Things must be Memorized

1. For any \(x \in \mathbb{R}\)

\[e^{x}=1+x+\frac{x^{2}}{2}+\cdots+\frac{x^{n}}{n !}+\cdots=\sum_{n=0}^{\infty} x^{n} / n ! \]

2. For any \(x \in \mathbb{R}\)
   \[\sin x=x-\frac{x^{3}}{3 !}+\frac{x^{5}}{5 !}+\cdots+(-1)^{n} \frac{x^{2 n+1}}{(2 n+1) !}+\cdots=\sum_{n=0}^{\infty}(-1)^{n} x^{2 n+1} /(2 n+1) ! \]

3. For any \(x \in \mathbb{R}\)
   \[\cos x=1-\frac{x^{2}}{2}+\frac{x^{4}}{4 !}+\cdots+(-1)^{n} \frac{x^{2 n}}{(2 n) !}+\cdots=\sum_{n=0}^{\infty}(-1)^{n} x^{2 n} /(2 n) ! \]

4. The Binomial Theorem: for any \(\alpha \in \mathbb{R}\) and \(x\) such
   that \(|x|<1\) $$\begin{aligned}
   (1+x)^{\alpha} &=1+\alpha x+\frac{\alpha(\alpha-1)}{2} x^{2}+\cdots+\frac{\alpha(\alpha-1) \ldots(\alpha-n+1)}{n !} x^{n}+\cdots \
   &=\sum_{n \geq 0} \frac{\alpha(\alpha-1) \cdots(\alpha-n+1)}{n !} x^{n}
   \end{aligned}$$ 5. From \(4 .\) we have, for any \(x\) such that \(|x|<1\),

\[\begin{aligned} \frac{1}{1-x}&=1+x+x^{2}+x^{3}+\cdots+x^{n}+\cdots=\sum_{n=0}^{\infty} x^{n} \\ \frac{1}{1+x}&=1-x+x^{2}-x^{3}+\cdots+(-1)^{n} x^{n}+\cdots=\sum_{n=0}^{\infty}(-x)^{n} \end{aligned}\]

6. For any \(x\) such that \(|x|<1\)

\[\log (1+x)=x-\frac{x^{2}}{2}+\frac{x^{3}}{3}-\frac{x^{4}}{4}+\cdots+(-1)^{n+1} \frac{x^{n}}{n}+\cdots=\sum_{n \geq 1}(-1)^{n+1} \frac{x^{n}}{n} \]

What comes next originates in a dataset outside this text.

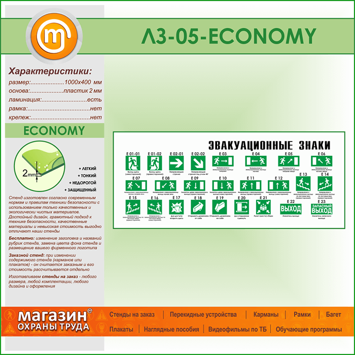 Стенд «Эвакуационные знаки» (LZ-05-ECONOMY) в Магнитогорске купить

Things Must be Mentioned about Series

\(\sum a_n\) converges\(\overset{???}\iff \sum a_n^3\) converges

\(\not \Rightarrow\)

\(\sum a_n\) converges does not imply \(\sum a_n^3\) converges in
general for non positive \(a_n\). For an \(m\), write as \(m=3n+k\) where
\(0\leq k<3\) and define \(a_{3n+k}= \frac{b_k}{(n+1)^{1/3}}\) where \(b_0=2\)
and \(b_1,b_2=-1\). Then \(a^3_n\) in general looks like

\[\frac{8}{1}, \frac{-1}{1}, \frac{-1}{1}, \frac{8}{2}, \frac{-1}{2}, \frac{-1}{2}, \frac{8}{3}, \frac{-1}{3}, \frac{-1}{3}, \ldots \]

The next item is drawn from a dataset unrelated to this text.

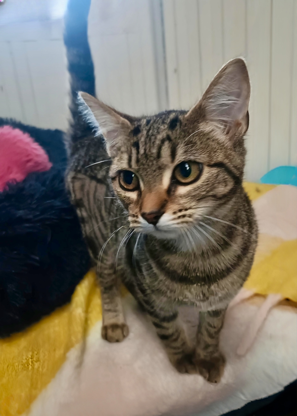 Squeaks is a charming little female kitten with beautiful tabby colouring and an even more beautiful personality to match. She loves nothing more than curling up in a cosy spot for a peaceful snooze, but she's always ready to spring into playful action when the mood strikes. With her lovely balance of calm and energy, Squeaks is an easygoing companion who brings a gentle, happy presence into any space.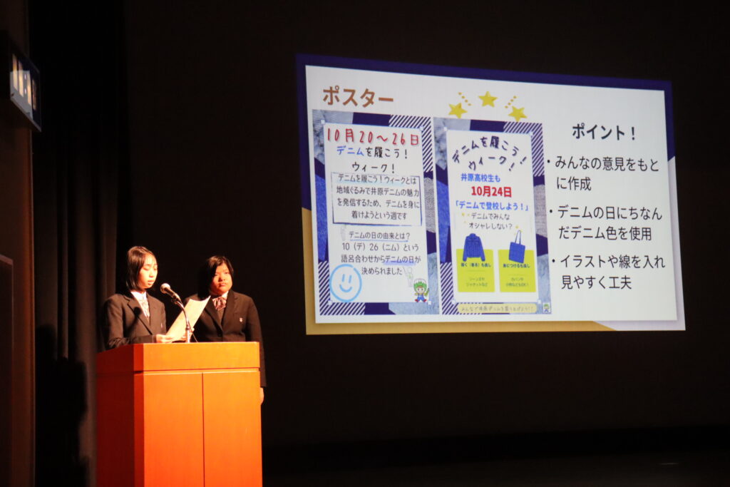 R7年度学習発表会第2部「地域生活科発表会」地域生活科 / 2026年1月22日 1月16日(金)、アクティブライフ井原にて、学習発表会第2部「地域生活科発表会」を開催しました。2年間取り組んだ、科目「地域生活」における井原デニムに関する学びや、ヒューマンライフコースにおける3分野(食物・保育・被服)の学び、グリーンライフコースの3分野(鉢花・野菜果樹・草花)の課題研究を発表しました。また、それぞれの学びの展示も行いました。生徒たちは、この日に向けて準備を重ね、発表会終了後は、充実した表情を見せていました。

which has partial sums \(S_{3n}=6\sum _{i=1}^{\infty} 1/i\) diverging.

\(\not \Leftarrow\)

\[\sum \frac{1}{k^3}\quad \textit{converges} \not \Rightarrow \sum \frac{1}{k}\quad \textit{converges} \]

Basic Integration Methods

Some Other Things

Hyperbolic Function

Definition

\[\sinh x :=\frac{e^x-e^{-x}}{2}\qquad \cosh x:=\frac{e^x+e^{-x}}{2}\]

Identities of Trigonometric Functions

Pythagorean Identities

\[\begin{aligned} \sin^2 \theta + \cos^2 \theta=& 1\\ \tan^2 + 1=&\sec^2 \theta \\ 1+ \cot ^2=& \csc^2 \theta \end{aligned}\]

Recite these Equations

For integrate is the inverse of the derivative, we just have to recite
some basic rules about the derivative. Equation below request to be
recited. $$\begin{aligned}
(\arcsin x)'&=\frac{1}{\sqrt{1-x^2}}\
(\arccos x)'&=-\frac{1}{\sqrt{1-x^2}}\
(\arctan x)'&=\frac{1}{1+x^2}\
(\tan x)'&=\sec^2 x\
(\cot x)'&=-\csc^2 x\
(\sinh x)'&= \cosh x\
(\cosh x)'&= \sinh x\
\end{aligned}$$

Some Classic Integrations

The following equation have some interesting conclusion.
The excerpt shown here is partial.